State Key Laboratory of Microbial Metabolism, and School of Life Sciences and Biotechnology, Shanghai Jiao Tong University, Shanghai 200240, China.
Brief Bioinform. 2021 Nov 5;22(6). doi: 10.1093/bib/bbab310.
Neuropeptides acting as signaling molecules in the nervous system of various animals play crucial roles in a wide range of physiological functions and hormone regulation behaviors. Neuropeptides offer many opportunities for the discovery of new drugs and targets for the treatment of neurological diseases. In recent years, there have been several data-driven computational predictors of various types of bioactive peptides, but the relevant work about neuropeptides is little at present. In this work, we developed an interpretable stacking model, named NeuroPpred-Fuse, for the prediction of neuropeptides through fusing a variety of sequence-derived features and feature selection methods. Specifically, we used six types of sequence-derived features to encode the peptide sequences and then combined them. In the first layer, we ensembled three base classifiers and four feature selection algorithms, which select non-redundant important features complementarily. In the second layer, the output of the first layer was merged and fed into logistic regression (LR) classifier to train the model. Moreover, we analyzed the selected features and explained the feasibility of the selected features. Experimental results show that our model achieved 90.6% accuracy and 95.8% AUC on the independent test set, outperforming the state-of-the-art models. In addition, we exhibited the distribution of selected features by these tree models and compared the results on the training set to that on the test set. These results fully showed that our model has a certain generalization ability. Therefore, we expect that our model would provide important advances in the discovery of neuropeptides as new drugs for the treatment of neurological diseases.

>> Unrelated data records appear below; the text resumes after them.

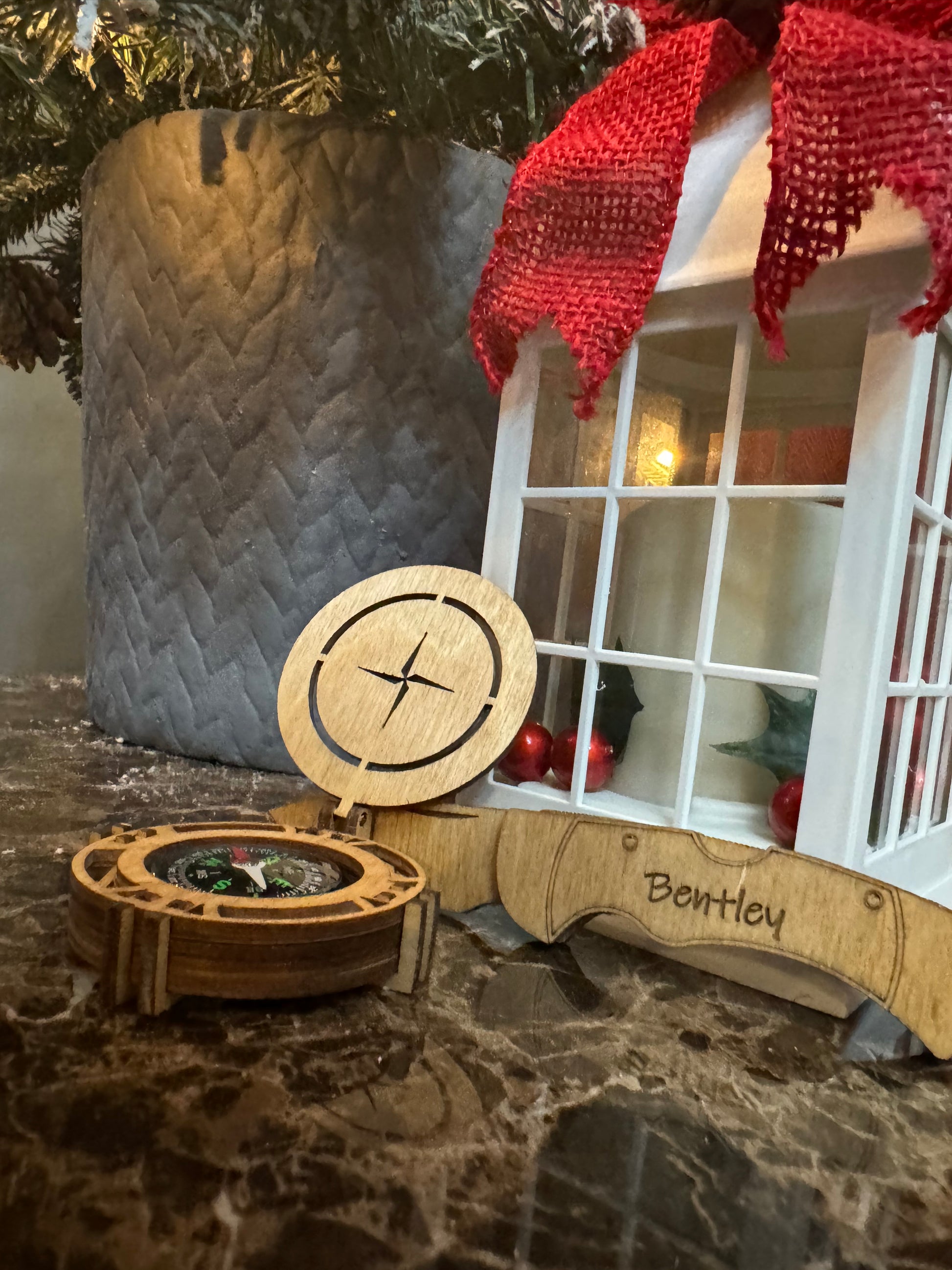 -layered baltic birch compass holder encompassing a Skywalker pocket compass
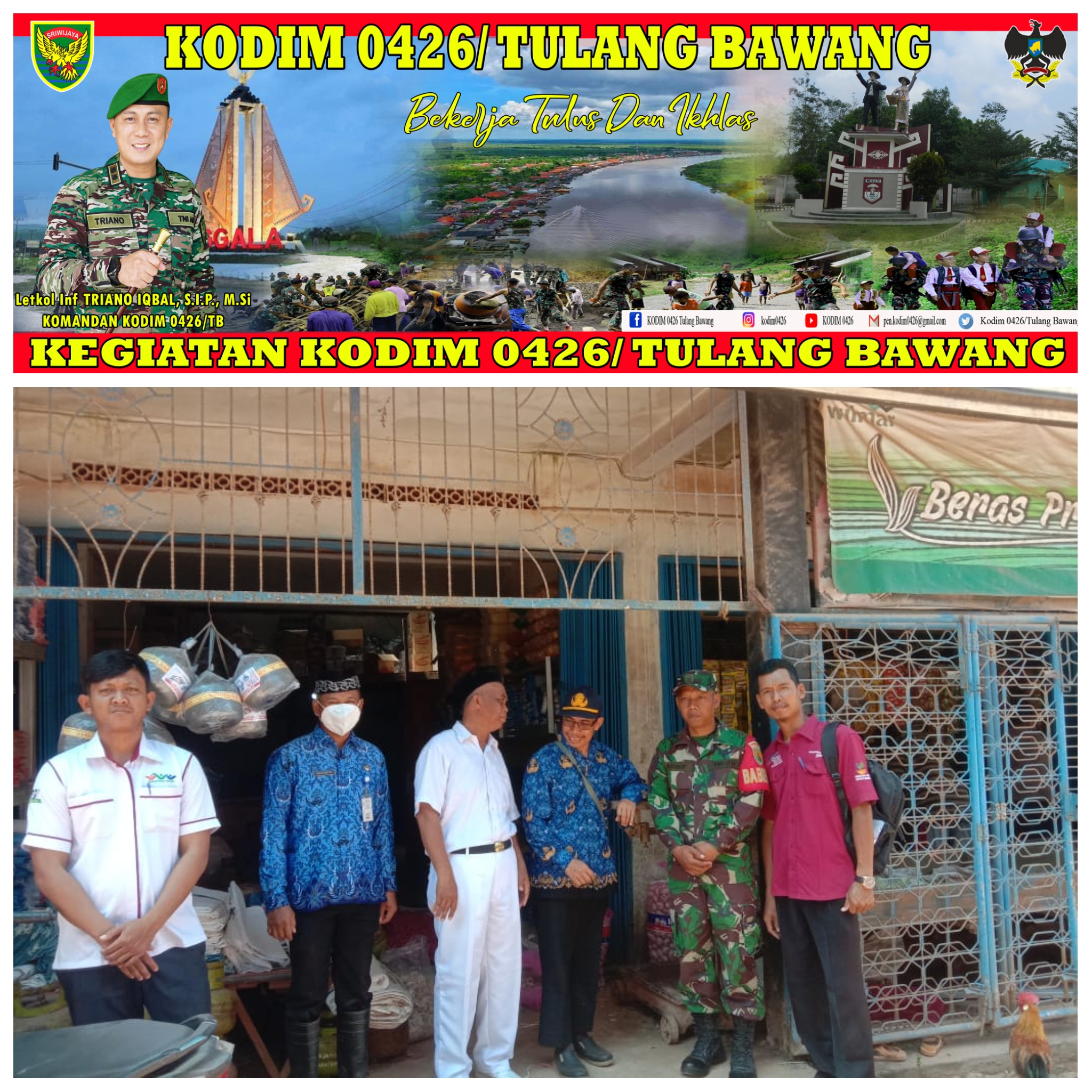 Serda Arif Saiful Babinsa Koramil 426-03 Rawajitu bersama Camat Kampung Medasari Kapolsek Rawajitu Selatan Babinkamtibmas dan Puskesmas Pidada melakukan pengecekan untuk mengantisipasi kelangkaan bahan pokok dan inflasi menyambut bulan suci ramadhan 1444 H.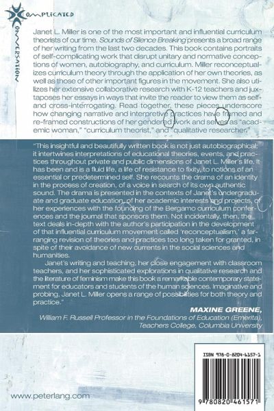 Janet L. Miller is one of the most important and influential curriculum theorists of our time. Sounds of Silence Breaking presents a broad range of her writing from the last two decades. This book contains portraits of self-complicating work that disrupt unitary and normative conceptions of women, autobiography, and curriculum. Miller reconceptualizes curriculum theory through the application of her own theories, as well as those of other important figures in the movement. She also utilizes her extensive collaborative research with K-12 teachers and juxtaposes her essays in ways that invite the reader to view them as self- and cross-interrogating. Read together, these pieces underscore how changing narrative and interpretive practices have framed and re-framed constructions of her gendered work and selves as «academic woman», «curriculum theorist», and «qualitative researcher».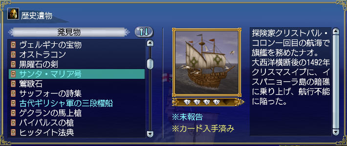 先日、91隻目の沈没船にして初めてやっとサンタ・マリア号を引き上げました。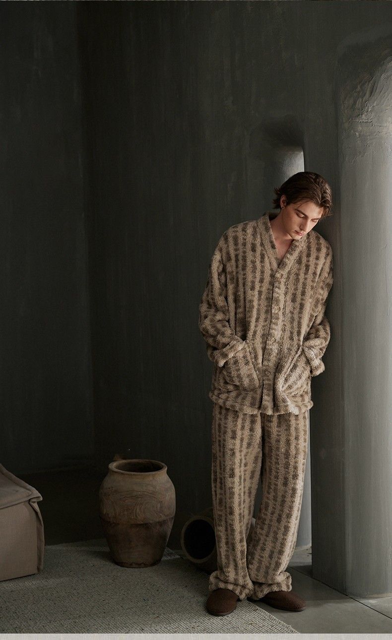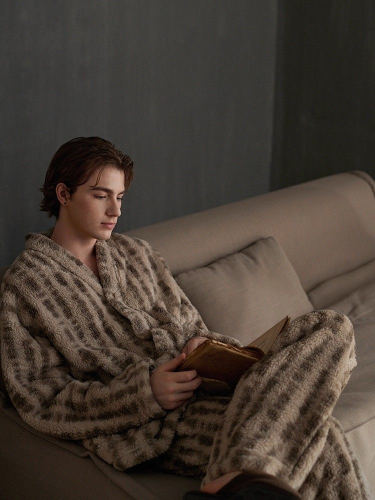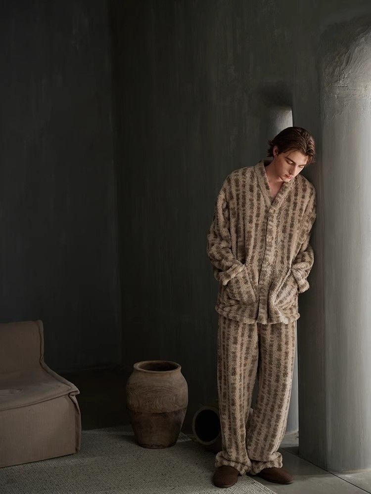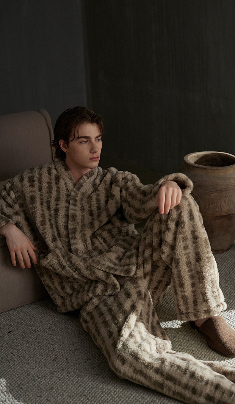 睡衣男款秋冬季珊瑚绒加厚长袖套装冬季加绒法兰绒男士冬天家居服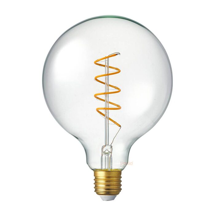 The 4 Watt Vintage G125 Spiral Dimmable LED Filament Bulb features an elegant vintage Large Globe design with cutting-edge LED Technology. The result is a modern light bulb that brings back the nostalgia of the early incandescent lamps of the Gilded Age. Best for fixtures with clear glass shades or simply unadorned, this bulb adds an old-time charm to any room coupled with unparalleled energy efficiency and safety (no harmful substances like mercury).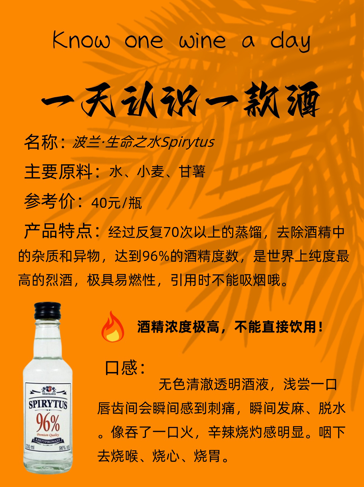 🍻生命之水Spirytus🍻 · ⭐️酒精浓度极高,不要直接饮用哦 · 产地:波兰🇵🇱 度数:96%vol🍺 容量:500ml🧊 类型:蒸馏酒 参考价格:40元/瓶 · 产品特点: 经过反复70次以上的蒸馏,去除酒精中的杂质和异物,达到96%的酒精度数,是世界上纯度最高的烈酒,极具易燃性🔥,引用时不要抽烟哦~ · 口感: 五色清澈透明酒液,浅尝一口唇齿间会瞬间感到刺痛,瞬间发麻、脱水。像吞了一口火...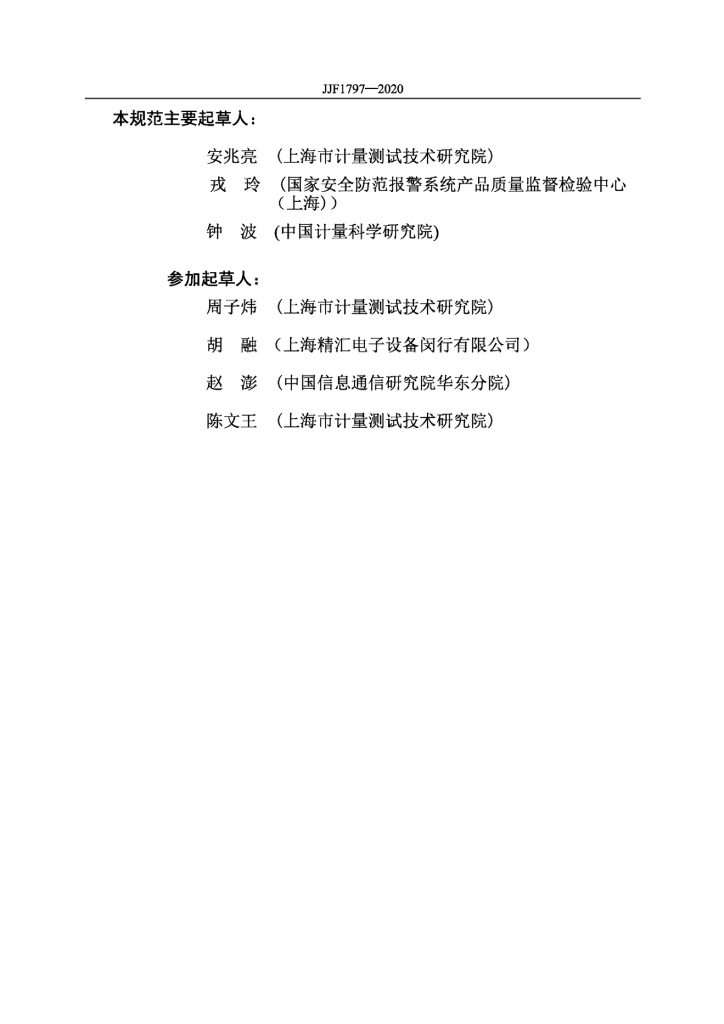 安兆亮(上海市计量测试技术研究院)、戎玲(国家安全防范报警系统产品质量监督检验中心(上海))、钟波(中国计量科学研究院)、周子炜(上海市计量测试技术研究院)、胡融(上海精汇电子设备闵行有限公司)、赵澎(中国信息通信研究院华东分院)、陈文王(上海市计量测试技术研究院)
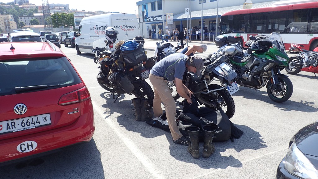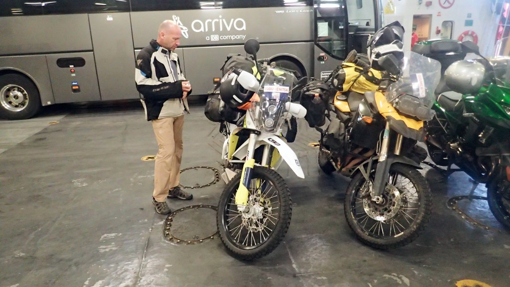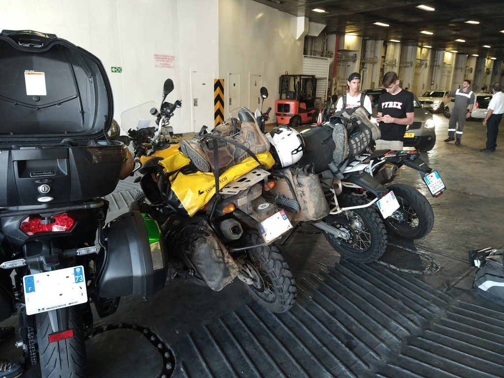 Et là, c’est l’improvisation totale. Rien d’organisé, excepté pour les poids lourds. Quel contraste avec la rigueur des pays scandinaves ! Mais peu importe, nous n’en sommes pas à notre coup d’essai et, in fine, les motos trouvent leur place à bord.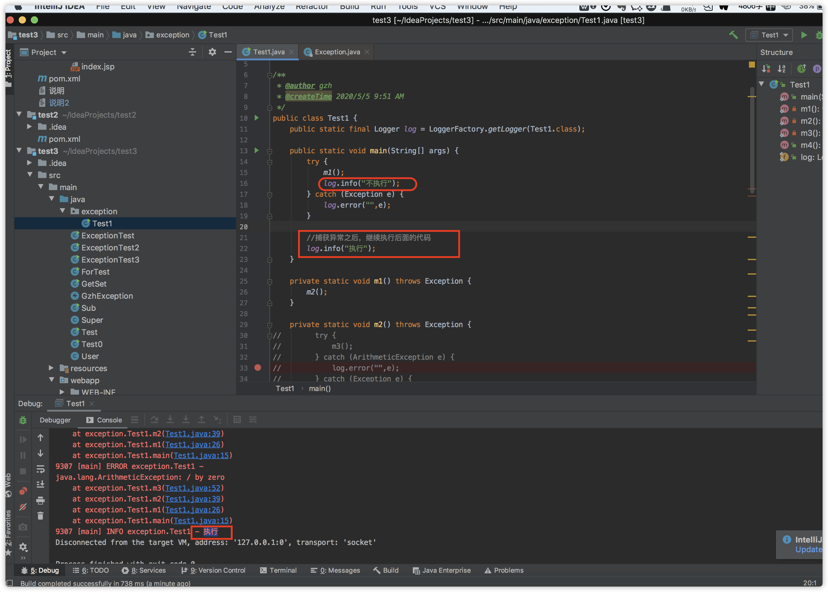 2.如果捕获之后,只是打印日志,没有抛出异常,那么try代码块里面异常之后的代码不会执行,但是catch和catch之后的代码仍然还是会执行。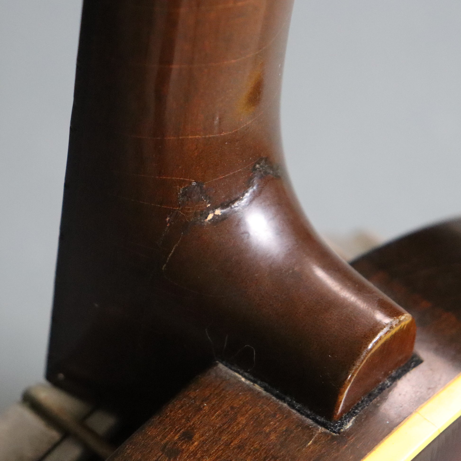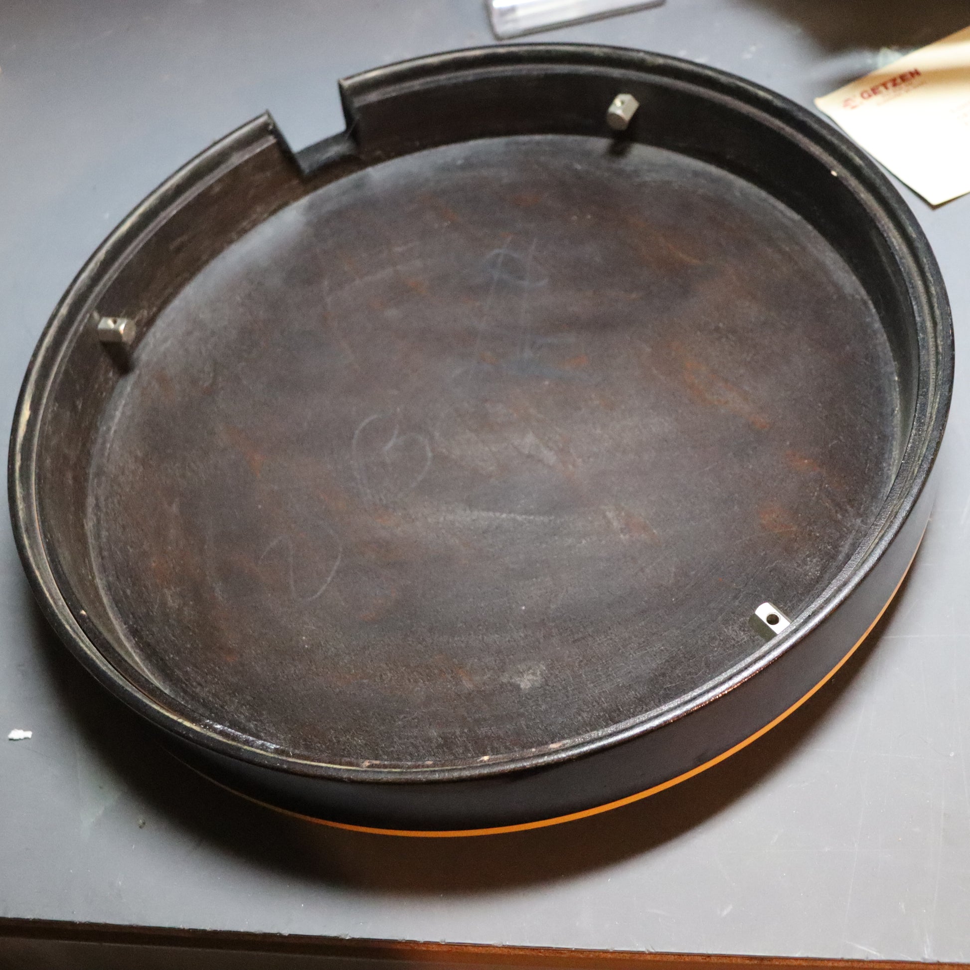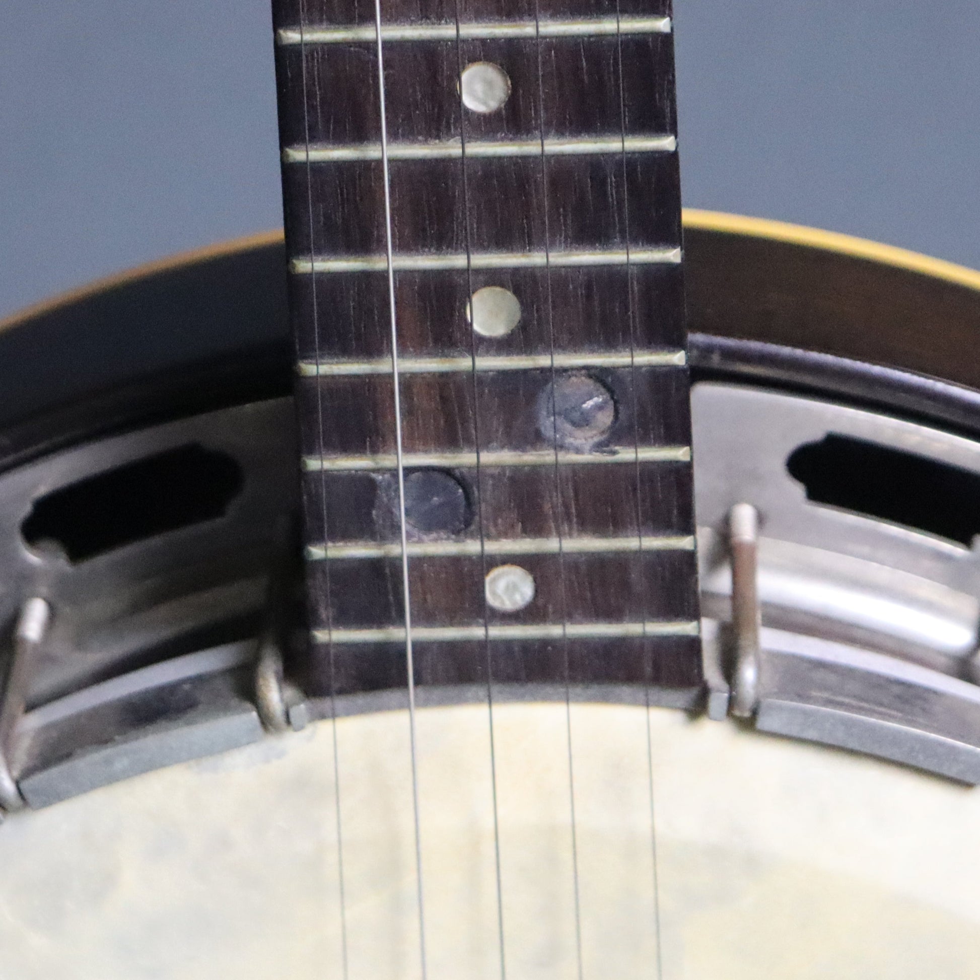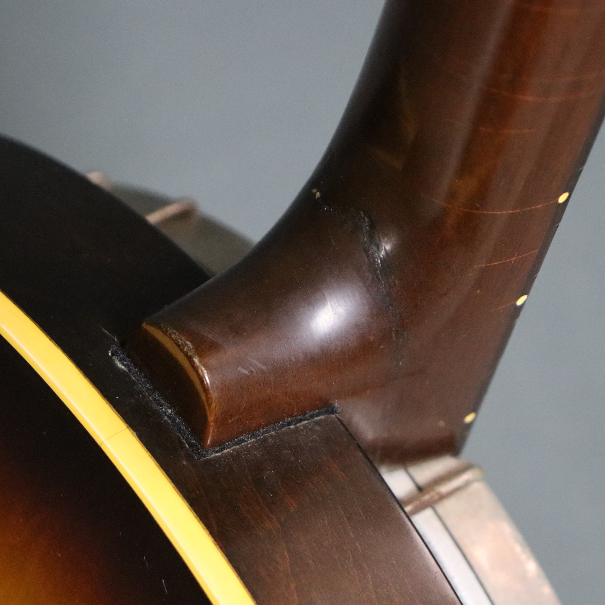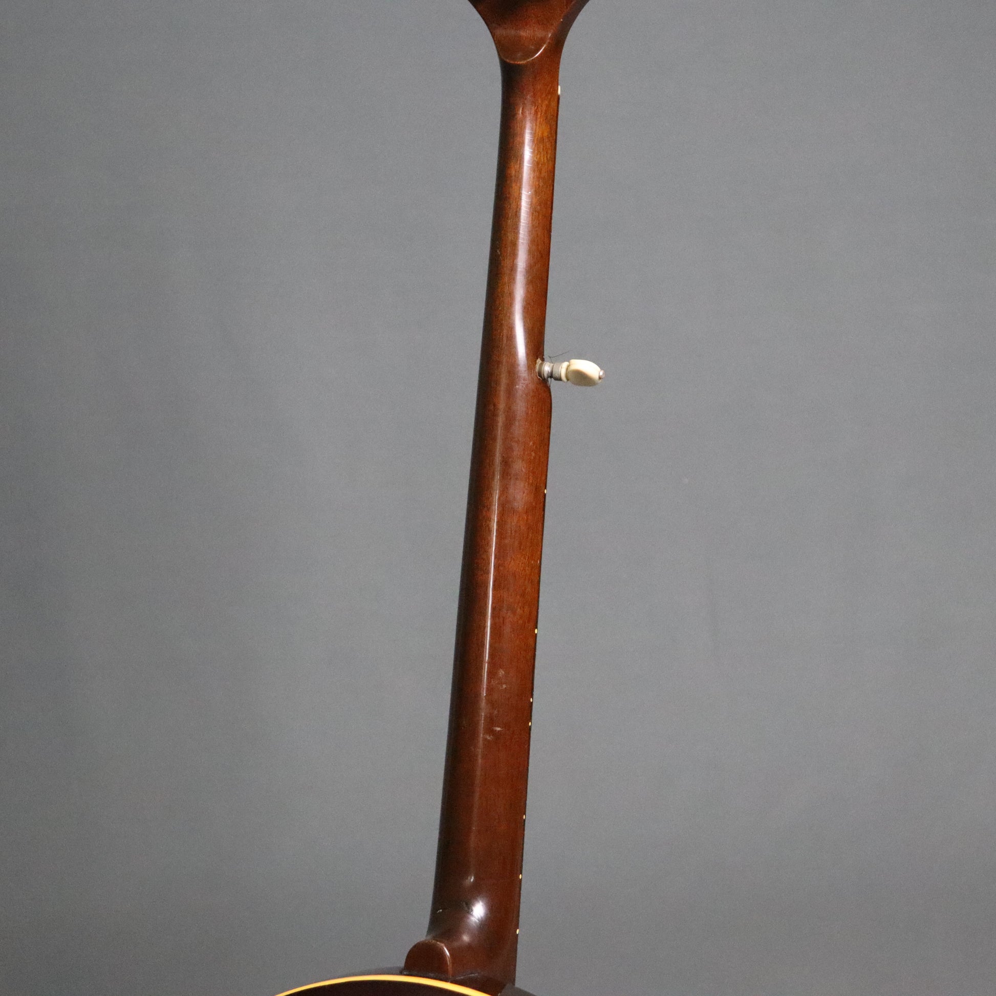 This banjo remains in original condition. Its resonator is in lovely shape with a beautiful sunburst finish. The mahogany neck suffered a break at the heel and a subsequent undisguised repair, including two screws set into the fingerboard, prior to its arrival here. It also has a small cosmetic chip in the headstock and other signs of use. It's quite playable as is but may benefit from a setup and fret polish to maximize playability. No case.

神经肽作为各种动物神经系统中的信号分子,在广泛的生理功能和激素调节行为中发挥着关键作用。神经肽为发现治疗神经疾病的新药和新靶点提供了许多机会。近年来,已经有几种针对各种类型生物活性肽的基于数据的计算预测器,但目前关于神经肽的相关工作很少。在这项工作中,我们开发了一种可解释的堆叠模型,名为 NeuroPpred-Fuse,通过融合多种序列衍生特征和特征选择方法来预测神经肽。具体来说,我们使用了六种类型的序列衍生特征来对肽序列进行编码,然后将它们结合起来。在第一层,我们集成了三个基础分类器和四个特征选择算法,它们互补地选择非冗余的重要特征。在第二层,第一层的输出被合并并输入逻辑回归 (LR) 分类器进行模型训练。此外,我们还分析了选择的特征,并解释了选择特征的可行性。实验结果表明,我们的模型在独立测试集上的准确率达到了 90.6%,AUC 达到了 95.8%,优于最先进的模型。此外,我们通过这些树模型展示了所选特征的分布,并比较了训练集和测试集上的结果。这些结果充分表明,我们的模型具有一定的泛化能力。因此,我们期望我们的模型在发现治疗神经疾病的神经肽新药方面取得重要进展。